● **Source material**

——

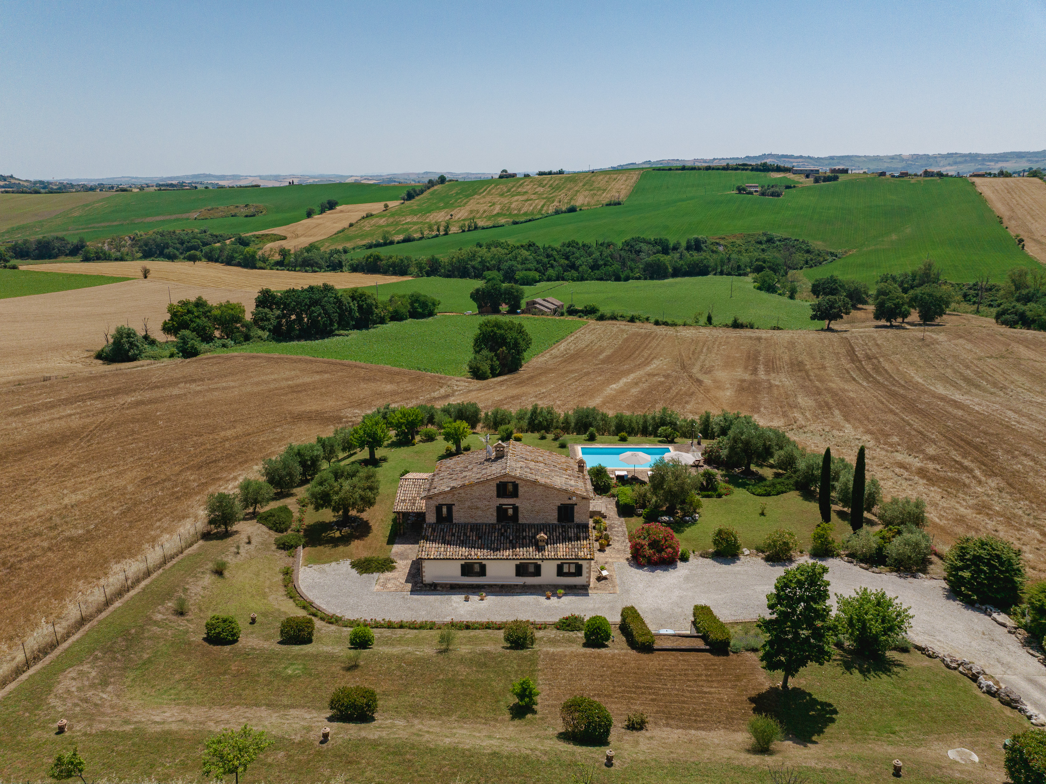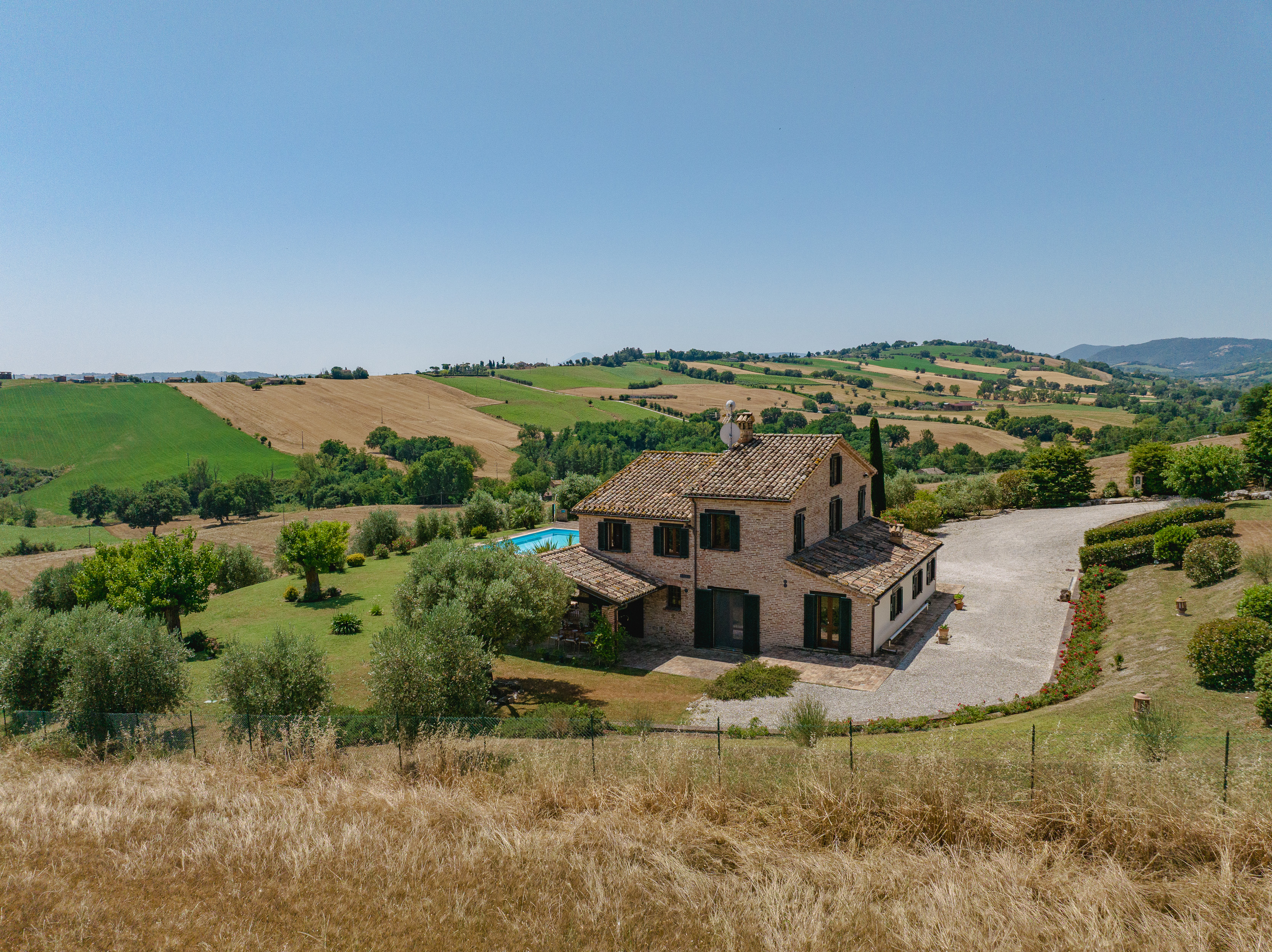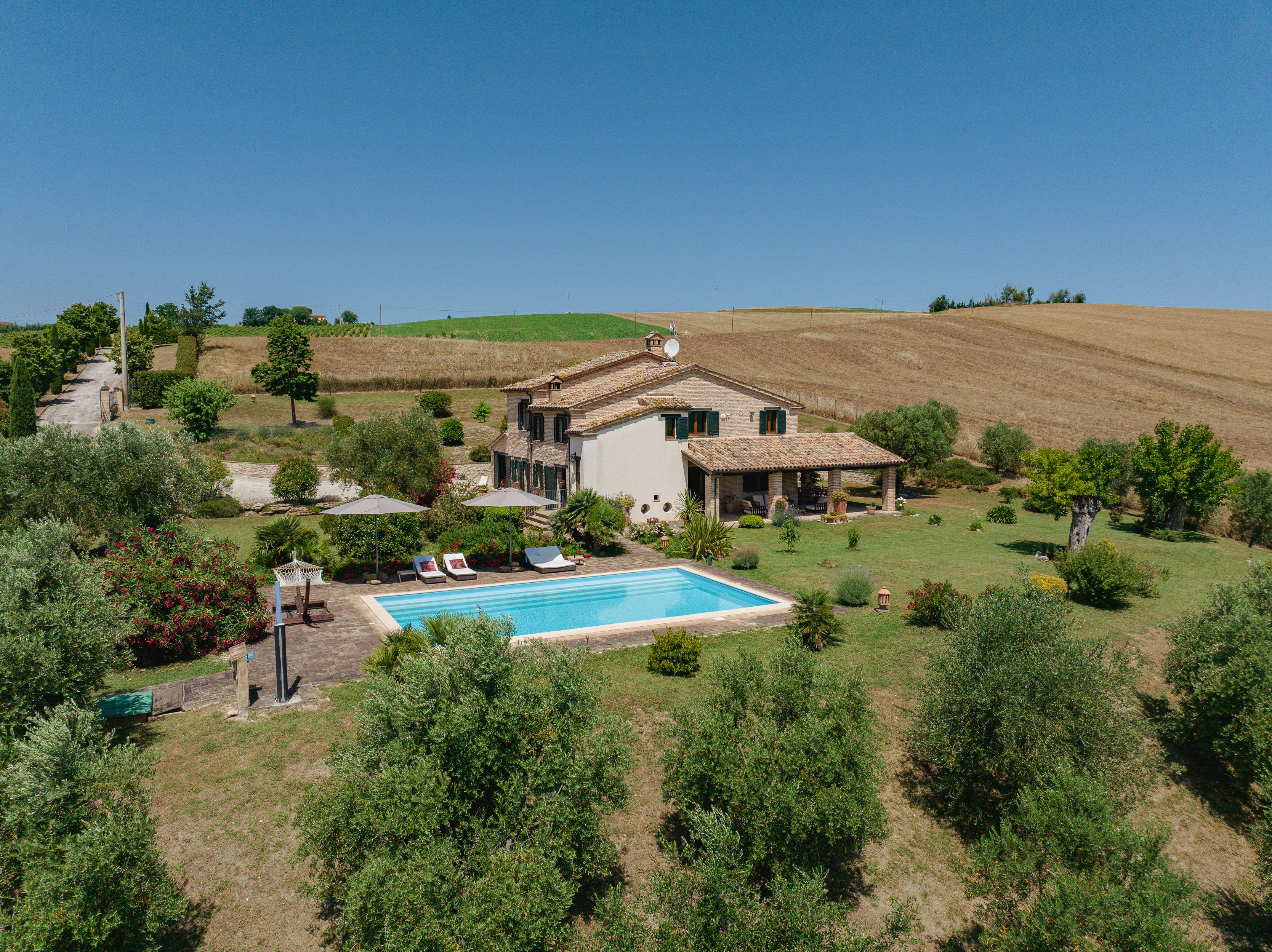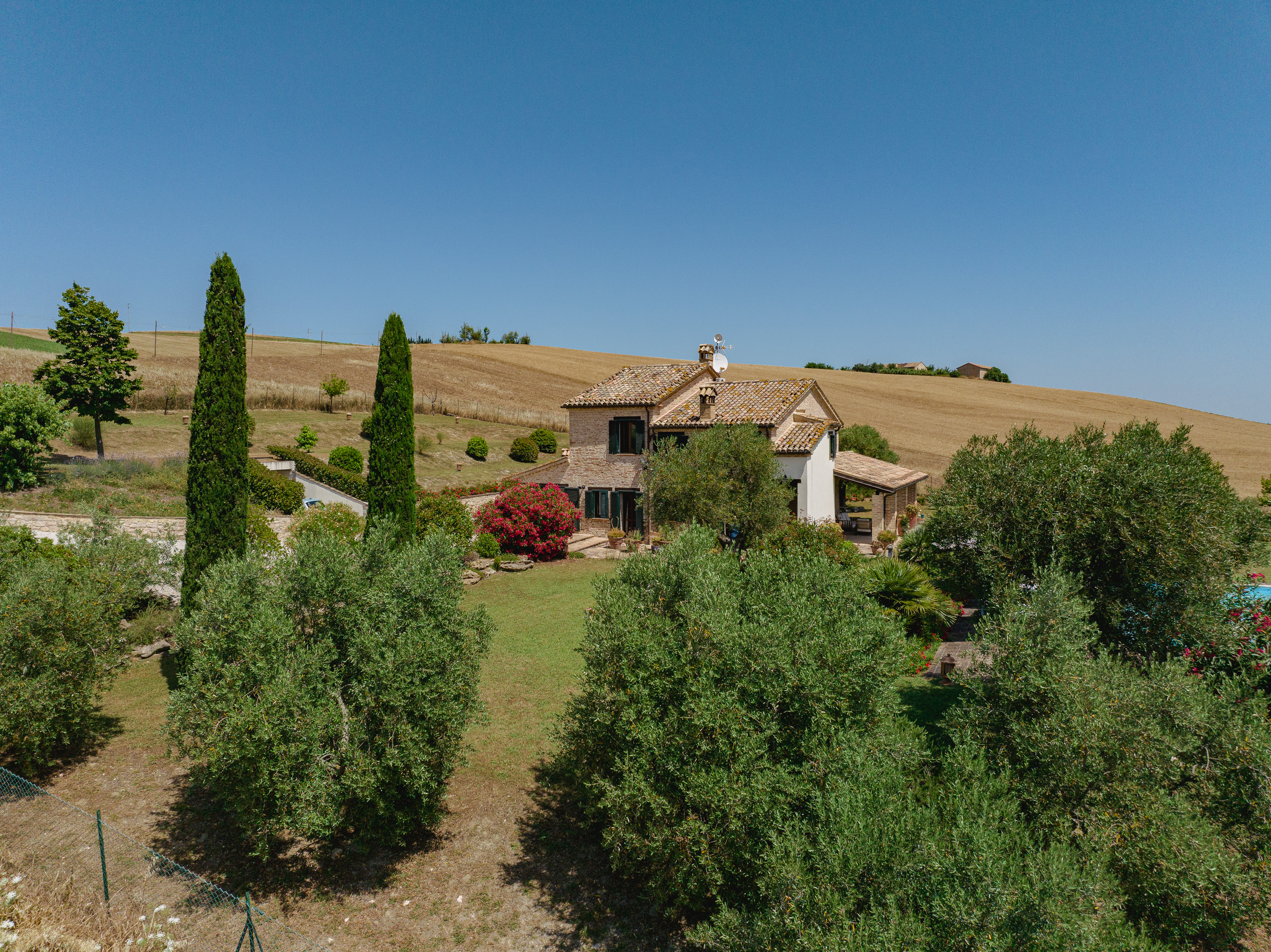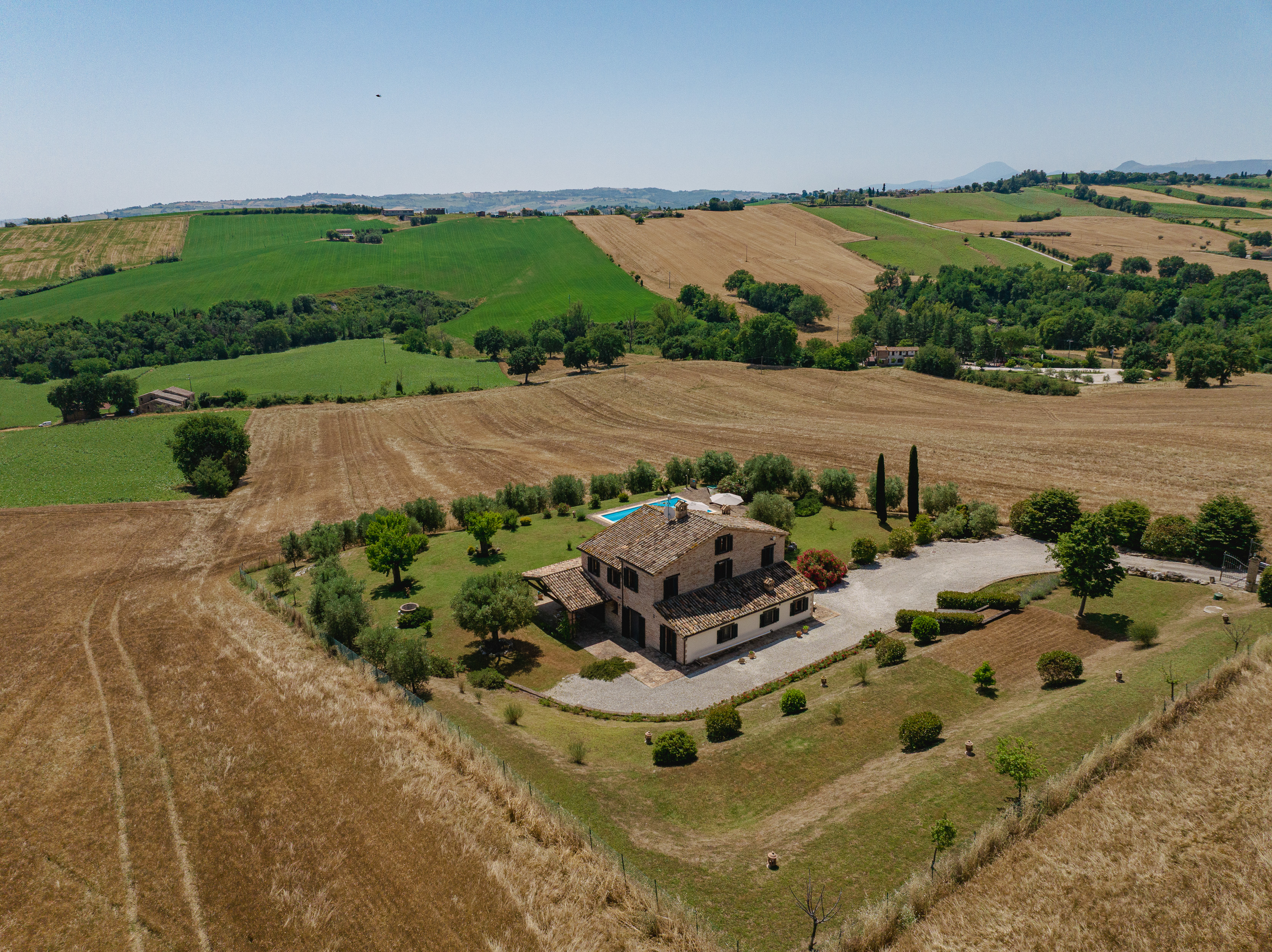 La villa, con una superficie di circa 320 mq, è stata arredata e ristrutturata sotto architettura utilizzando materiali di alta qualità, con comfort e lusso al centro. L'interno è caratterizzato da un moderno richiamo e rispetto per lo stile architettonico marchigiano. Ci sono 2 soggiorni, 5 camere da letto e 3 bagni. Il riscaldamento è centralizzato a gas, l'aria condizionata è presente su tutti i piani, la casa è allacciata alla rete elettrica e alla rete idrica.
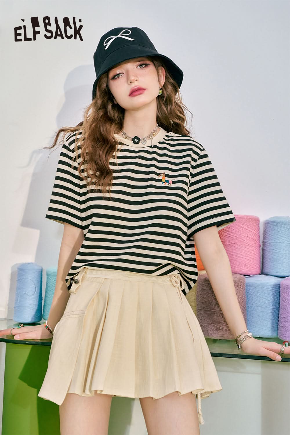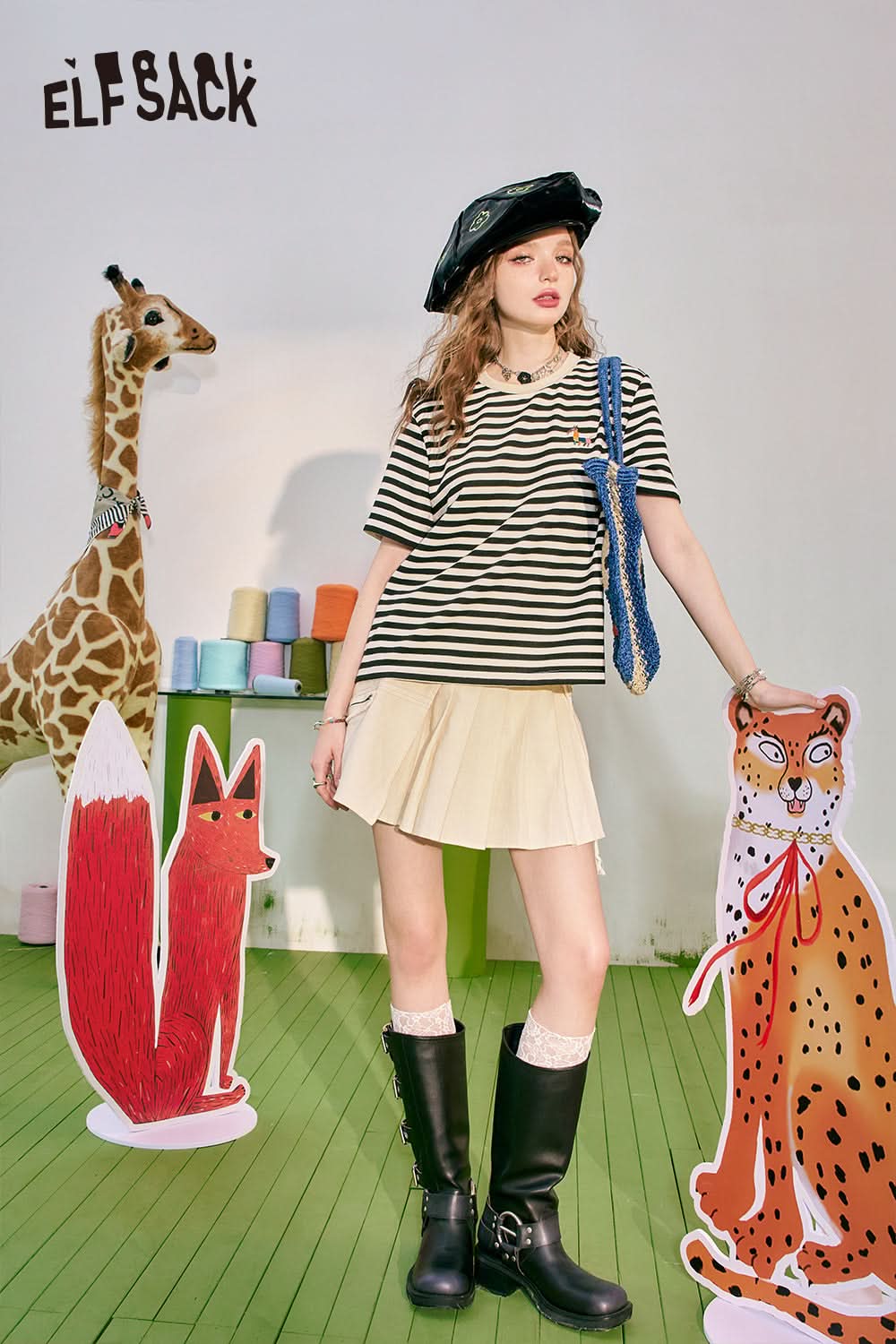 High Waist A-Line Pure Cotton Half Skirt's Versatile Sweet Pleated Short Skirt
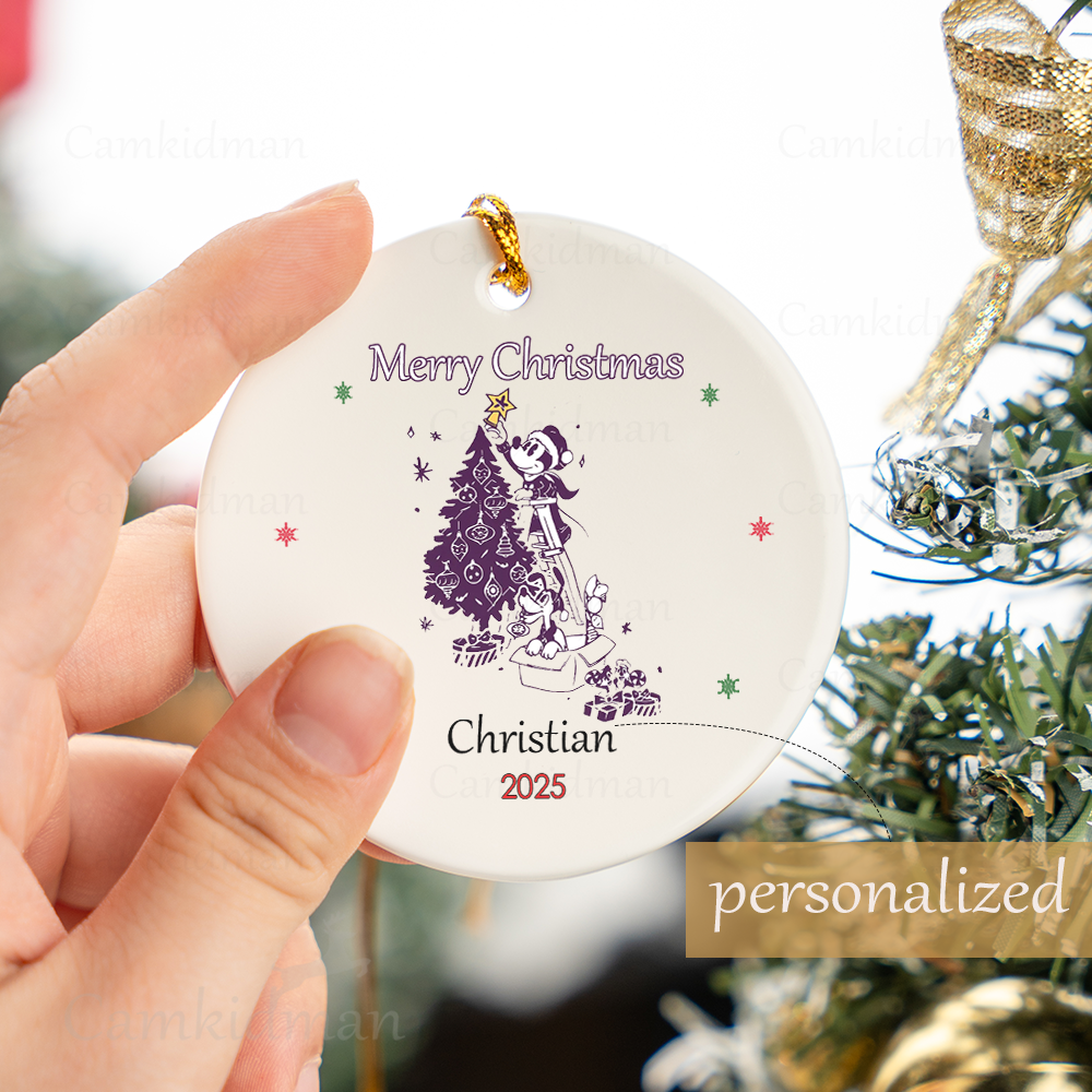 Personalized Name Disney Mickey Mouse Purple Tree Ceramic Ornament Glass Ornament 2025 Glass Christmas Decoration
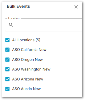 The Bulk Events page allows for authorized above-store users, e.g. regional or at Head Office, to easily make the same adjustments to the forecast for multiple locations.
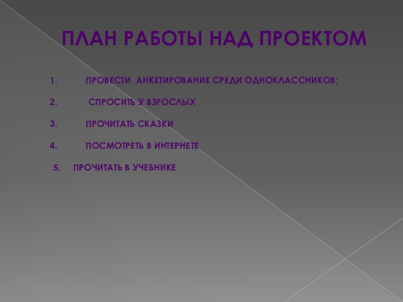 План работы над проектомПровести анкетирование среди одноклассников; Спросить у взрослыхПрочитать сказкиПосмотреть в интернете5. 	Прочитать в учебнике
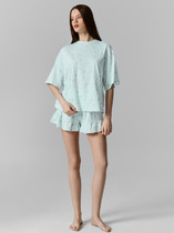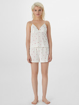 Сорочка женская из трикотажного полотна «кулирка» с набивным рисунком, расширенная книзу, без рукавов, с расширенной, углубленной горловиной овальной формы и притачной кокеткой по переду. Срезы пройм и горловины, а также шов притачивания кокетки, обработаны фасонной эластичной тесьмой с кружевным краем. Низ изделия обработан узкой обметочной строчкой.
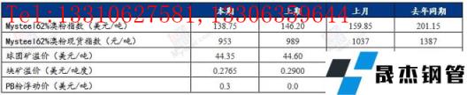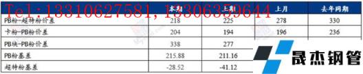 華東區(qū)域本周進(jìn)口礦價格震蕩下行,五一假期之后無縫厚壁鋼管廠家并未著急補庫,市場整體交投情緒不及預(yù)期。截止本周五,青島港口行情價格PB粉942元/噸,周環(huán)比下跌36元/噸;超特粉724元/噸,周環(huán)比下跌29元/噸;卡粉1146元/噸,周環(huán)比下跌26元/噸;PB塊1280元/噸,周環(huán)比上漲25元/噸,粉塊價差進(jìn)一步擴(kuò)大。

——

● **What the task requires**
Excluding the pictures, write out exactly the lines from the line that contains "Personalized Name Disney" through the end of the records.

● **Response to the exercise**
 Personalized Name Disney Mickey Mouse Purple Tree Ceramic Ornament Glass Ornament 2025 Glass Christmas Decoration
 The Bulk Events page allows for authorized above-store users, e.g. regional or at Head Office, to easily make the same adjustments to the forecast for multiple locations.
 План работы над проектомПровести анкетирование среди одноклассников; Спросить у взрослыхПрочитать сказкиПосмотреть в интернете5. 	Прочитать в учебнике
 Сорочка женская из трикотажного полотна «кулирка» с набивным рисунком, расширенная книзу, без рукавов, с расширенной, углубленной горловиной овальной формы и притачной кокеткой по переду. Срезы пройм и горловины, а также шов притачивания кокетки, обработаны фасонной эластичной тесьмой с кружевным краем. Низ изделия обработан узкой обметочной строчкой.
 華東區(qū)域本周進(jìn)口礦價格震蕩下行,五一假期之后無縫厚壁鋼管廠家并未著急補庫,市場整體交投情緒不及預(yù)期。截止本周五,青島港口行情價格PB粉942元/噸,周環(huán)比下跌36元/噸;超特粉724元/噸,周環(huán)比下跌29元/噸;卡粉1146元/噸,周環(huán)比下跌26元/噸;PB塊1280元/噸,周環(huán)比上漲25元/噸,粉塊價差進(jìn)一步擴(kuò)大。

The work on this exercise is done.